__PROBLEM__.
Write out nothing but the lines from the one containing "07/18/2022 | ![]() |" through the last line below, both included, and without the pictures.

__SOURCE DATA__.
___

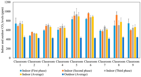 Average outdoor and indoor CO2 levels during the three phases in the studied classrooms. The error bars indicate standard deviations of values measured in a single day.
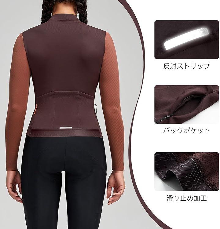 前傾姿勢や腕を前に伸ばす自転車を考慮し、背中を長くなって、肩周りをストレッチに作られています。
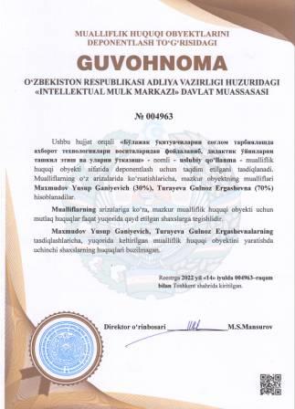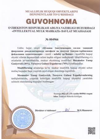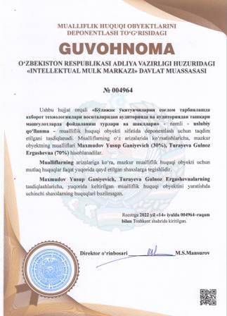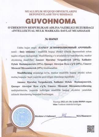 | 5130 | №004969 | Ilmiy ishlanma - "БАРЬЕР ДЕЗИНФЕКЦИОННЫЙ АРОЧНЫЙ" | Amanov Djurabay Yergashovich (25%), Xalikulov Oybek Rustamjonovich (25%), Qazoqov Abrorjon Ilyos o‘g‘li (25%), Umarov Mirzaxid Mirxamitovich (25%) | Amanov Djurabay Yergashovich, Xalikulov Oybek Rustamjonovich, Qazoqov Abrorjon Ilyos o‘g‘li, Umarov Mirzaxid Mirxamitovich | 07/18/2022 | ![]() |
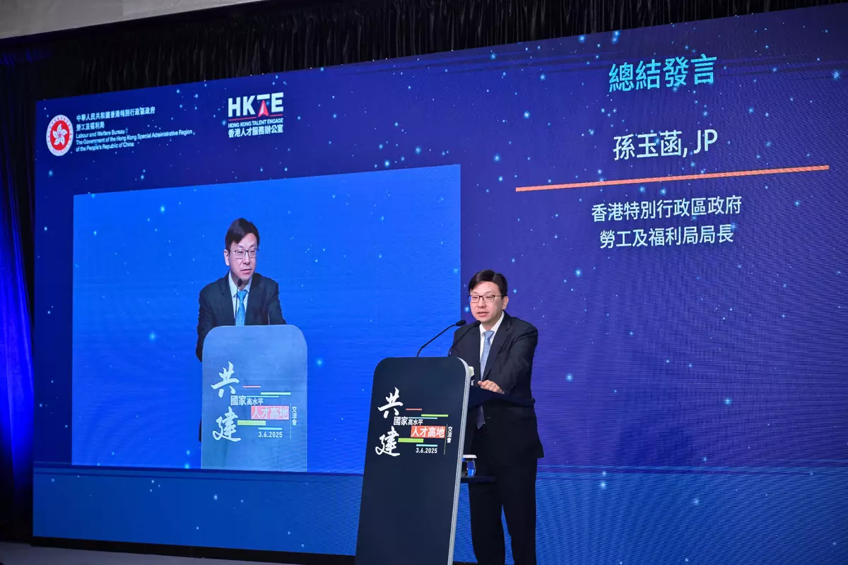勞工及福利局局長孫玉菡在交流會總結發言說,香港擁有多元優勢吸引國際人才,配合國家不同區域共同協作,環環相扣下加速建設國家高水平人才高地,期望交流會及明年初舉辦的第二屆「香港.全球人才高峰會」能夠匯聚各地引才、留才、育才和用才的寶貴經驗。
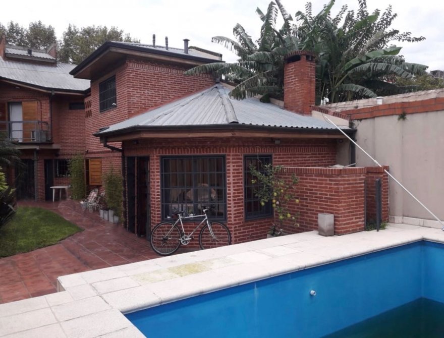 Quincho: 5 x 4,30 Mts. Piso laja roja, parrilla, muebles de alacena y bajo mesada completos, cocina gastronómica.
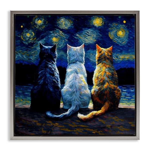 Van Gogh Style Cats by Svetlana Aleynikova Gray Floater Frame Animal Graphic Art Print 18 in. x 18 in.
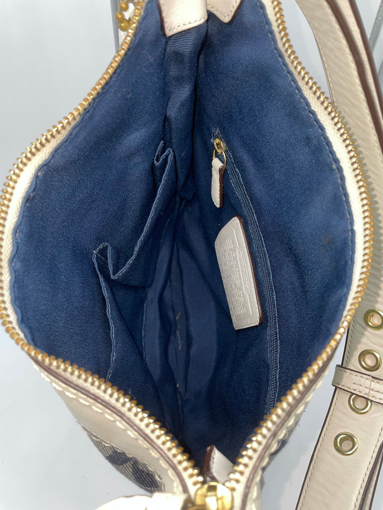 in Signature Canvas Blue "Denim" color with Cream leather trim and gold toned hardware

___

__EXERCISE ANSWER__.
 | 5130 | №004969 | Ilmiy ishlanma - "БАРЬЕР ДЕЗИНФЕКЦИОННЫЙ АРОЧНЫЙ" | Amanov Djurabay Yergashovich (25%), Xalikulov Oybek Rustamjonovich (25%), Qazoqov Abrorjon Ilyos o‘g‘li (25%), Umarov Mirzaxid Mirxamitovich (25%) | Amanov Djurabay Yergashovich, Xalikulov Oybek Rustamjonovich, Qazoqov Abrorjon Ilyos o‘g‘li, Umarov Mirzaxid Mirxamitovich | 07/18/2022 | ![]() |
勞工及福利局局長孫玉菡在交流會總結發言說,香港擁有多元優勢吸引國際人才,配合國家不同區域共同協作,環環相扣下加速建設國家高水平人才高地,期望交流會及明年初舉辦的第二屆「香港.全球人才高峰會」能夠匯聚各地引才、留才、育才和用才的寶貴經驗。
 Quincho: 5 x 4,30 Mts. Piso laja roja, parrilla, muebles de alacena y bajo mesada completos, cocina gastronómica.
 Van Gogh Style Cats by Svetlana Aleynikova Gray Floater Frame Animal Graphic Art Print 18 in. x 18 in.
 in Signature Canvas Blue "Denim" color with Cream leather trim and gold toned hardware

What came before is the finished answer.